◆ How to complete this task:
Give all of the data below again exactly, and drop the images.

◆ Stored data:
┌──

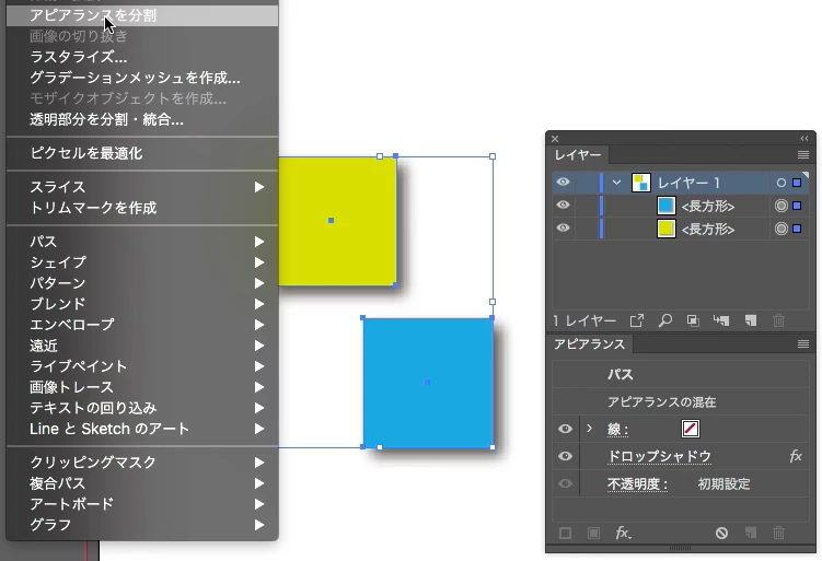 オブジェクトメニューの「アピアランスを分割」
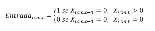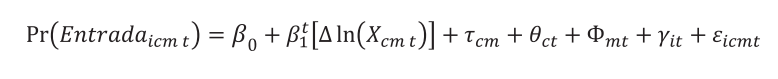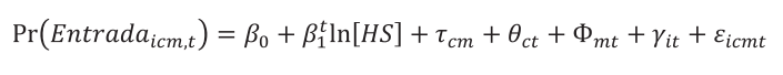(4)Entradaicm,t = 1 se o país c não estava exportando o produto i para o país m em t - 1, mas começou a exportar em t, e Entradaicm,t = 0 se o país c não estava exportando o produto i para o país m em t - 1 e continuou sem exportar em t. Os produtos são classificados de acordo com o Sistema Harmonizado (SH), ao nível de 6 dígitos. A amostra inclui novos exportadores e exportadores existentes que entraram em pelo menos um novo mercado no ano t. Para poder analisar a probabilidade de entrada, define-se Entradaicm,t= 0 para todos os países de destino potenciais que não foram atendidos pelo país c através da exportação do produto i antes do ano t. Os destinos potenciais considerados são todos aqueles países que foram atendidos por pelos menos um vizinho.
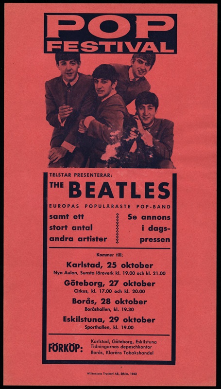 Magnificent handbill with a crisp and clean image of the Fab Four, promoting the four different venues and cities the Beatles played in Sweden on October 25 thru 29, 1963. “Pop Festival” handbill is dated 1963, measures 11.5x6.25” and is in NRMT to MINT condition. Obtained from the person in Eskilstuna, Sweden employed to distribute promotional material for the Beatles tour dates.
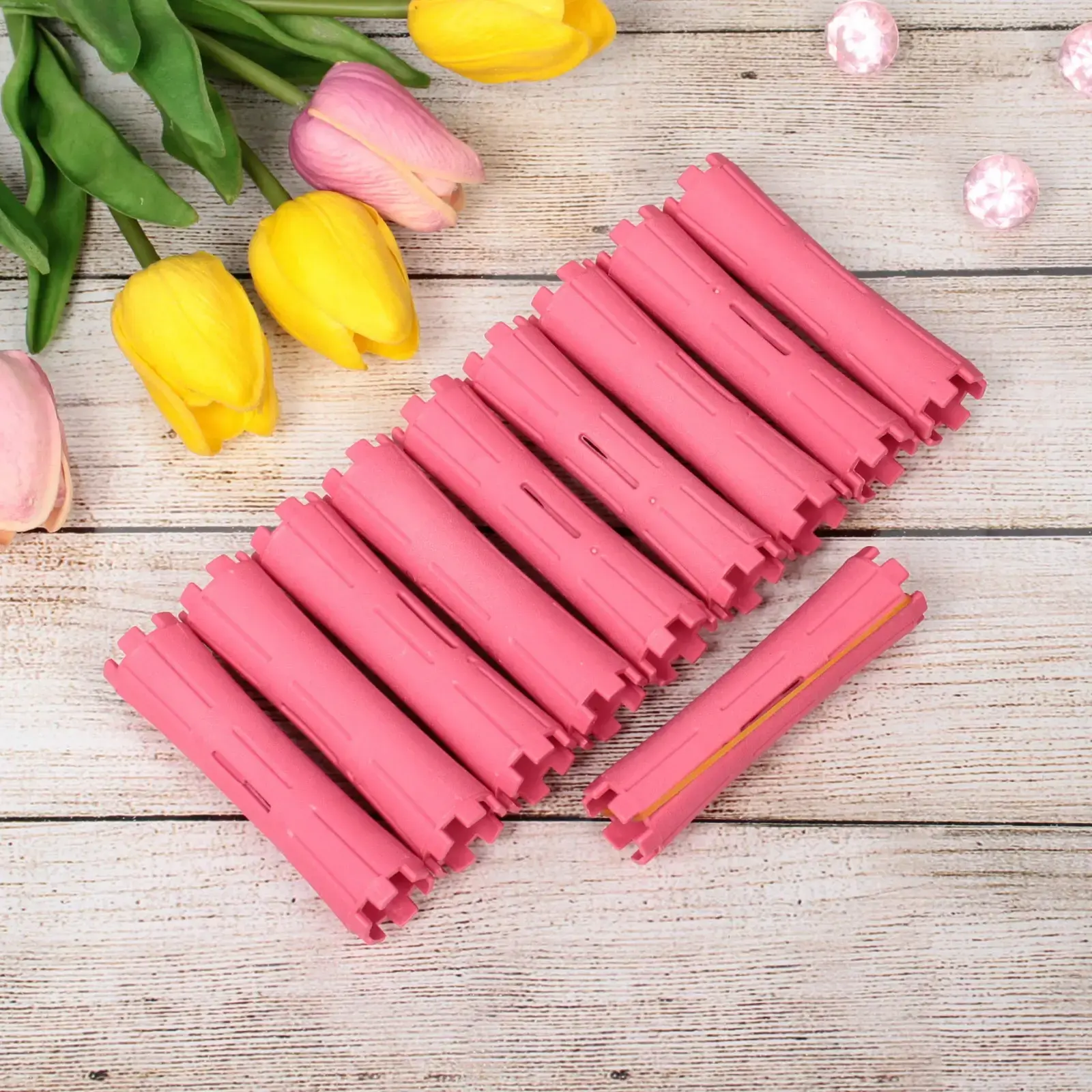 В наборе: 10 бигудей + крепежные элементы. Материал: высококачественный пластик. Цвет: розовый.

└──

◆ Answer below:
 オブジェクトメニューの「アピアランスを分割」
(4)Entradaicm,t = 1 se o país c não estava exportando o produto i para o país m em t - 1, mas começou a exportar em t, e Entradaicm,t = 0 se o país c não estava exportando o produto i para o país m em t - 1 e continuou sem exportar em t. Os produtos são classificados de acordo com o Sistema Harmonizado (SH), ao nível de 6 dígitos. A amostra inclui novos exportadores e exportadores existentes que entraram em pelo menos um novo mercado no ano t. Para poder analisar a probabilidade de entrada, define-se Entradaicm,t= 0 para todos os países de destino potenciais que não foram atendidos pelo país c através da exportação do produto i antes do ano t. Os destinos potenciais considerados são todos aqueles países que foram atendidos por pelos menos um vizinho.
 Magnificent handbill with a crisp and clean image of the Fab Four, promoting the four different venues and cities the Beatles played in Sweden on October 25 thru 29, 1963. “Pop Festival” handbill is dated 1963, measures 11.5x6.25” and is in NRMT to MINT condition. Obtained from the person in Eskilstuna, Sweden employed to distribute promotional material for the Beatles tour dates.
 В наборе: 10 бигудей + крепежные элементы. Материал: высококачественный пластик. Цвет: розовый.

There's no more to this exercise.